Albert Pepperell

Personal information
- Full name: Albert James Pepperell
- Born: c. 1922 Seaton, Cumberland England
- Died: 1986 (aged 63–64)

Playing information
- Position: Scrum-half
Club
| Years | Team | Pld | T | G | FG | P |
|  | Seaton |  |  |  |  |  |
| ≤1945–45 | Huddersfield |  |  |  |  |  |
| 1945–≥51 | Workington Town |  |  |  |  |  |
|  | Total | 0 | 0 | 0 | 0 | 0 |
Representative
| Years | Team | Pld | T | G | FG | P |
| 1946–54 | Cumberland | 12 | 1 | 0 | 0 | 3 |
| 1952 | British Empire XIII | 1 | 0 | 0 | 0 | 0 |
| 1950–51 | Great Britain | 2 | 0 | 0 | 0 | 0 |
- Source:
- Relatives: Russell Pepperell (brother) Stan Pepperell (brother)

= Albert Pepperell =

Great Britain international rugby league footballer

Albert James Pepperell (c. 1922 – 1986) was an English professional rugby league footballer who played in the 1940s and 1950s. He played at representative level for Great Britain, Cumberland and British Empire XIII, and at club level for Huddersfield and Workington Town, as a .

==Background==
Pepperell was born in Seaton, Cumberland, England, he was a fitter at the Distington Engineering Company (Chapel Bank), Workington, and he died aged 63–64.

==Playing career==
===Club career===
Albert Pepperell played in Workington Town's 18-10 victory over Featherstone Rovers in the 1952 Challenge Cup Final during the 1951–52 season at Wembley Stadium, London on Saturday 19 April 1952, in front of a crowd of 72,093.

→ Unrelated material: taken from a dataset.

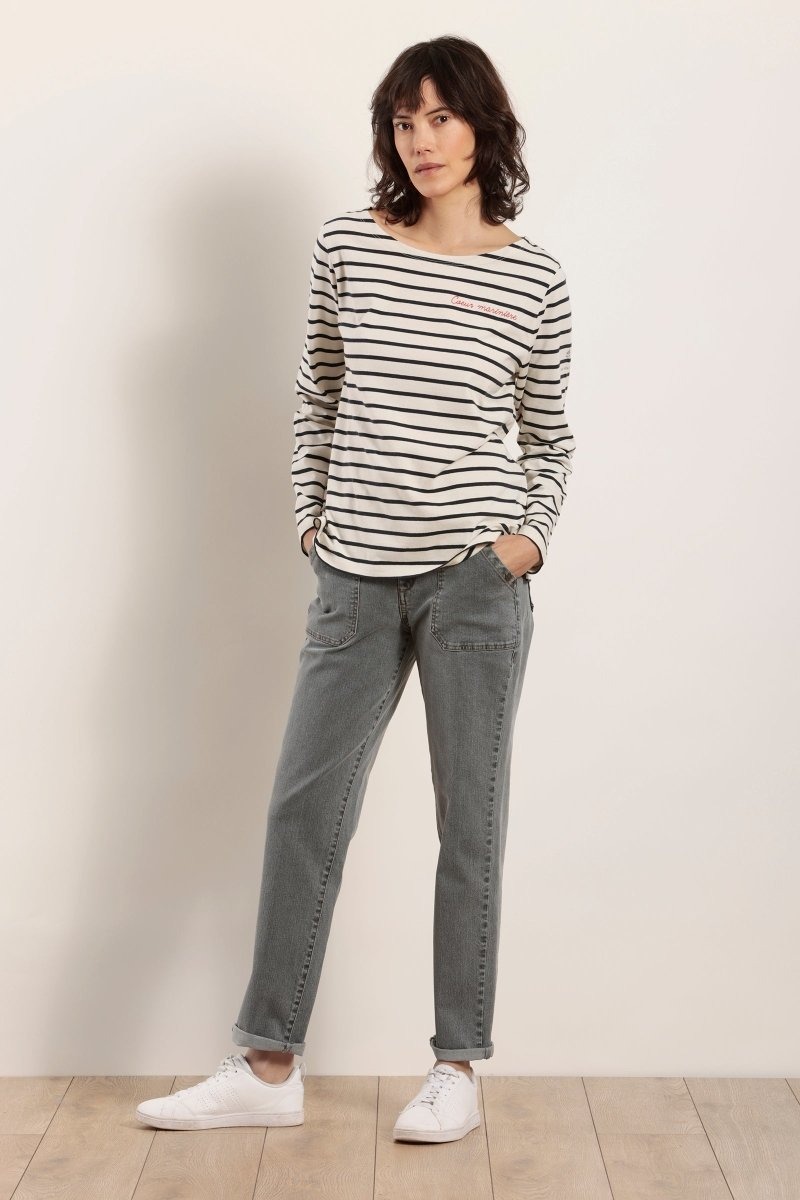 Джемпер из органического хлопка с вышивкой. Прямого покроя. Круглый воротник. Длинные рукава. Контрастная вышивка Coeur Marinière на груди. Вышивка в виде сердца на правом плече и спине. Шелкография на левом рукаве. Небольшой боковой разрез внизу изделия. Длина: 57,5 см для размера 44.
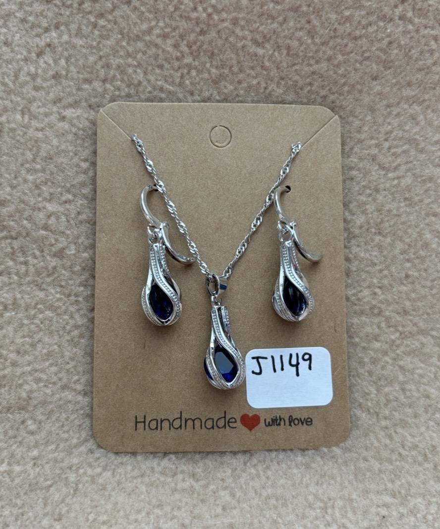 Here is a blue stone necklace set. There is a blue stone in the middle of the .925 silver. There is a necklace and 2 earrings. The silver and the chain is .925 silver. The chain is 17” long.

Albert Pepperell's Testimonial match at Workington Town took place in 1955.

===Representative honours===
Albert Pepperell won a cap for British Empire XIII while at Workington in 1952 against New Zealand, and won caps for Great Britain while at Workington in 1950 against New Zealand, and in 1951 against New Zealand.

Albert Pepperell represented Cumberland. Albert Pepperell played in Cumberland's 5-4 victory over Australia in the 1948–49 Kangaroo tour of Great Britain and France match at the Recreation Ground, Whitehaven on Wednesday 13 October 1948, in front of a crowd of 8,818.

==Personal life==
Albert Pepperell was the younger brother of the rugby league footballers, Stanley Pepperell and Russell Pepperell.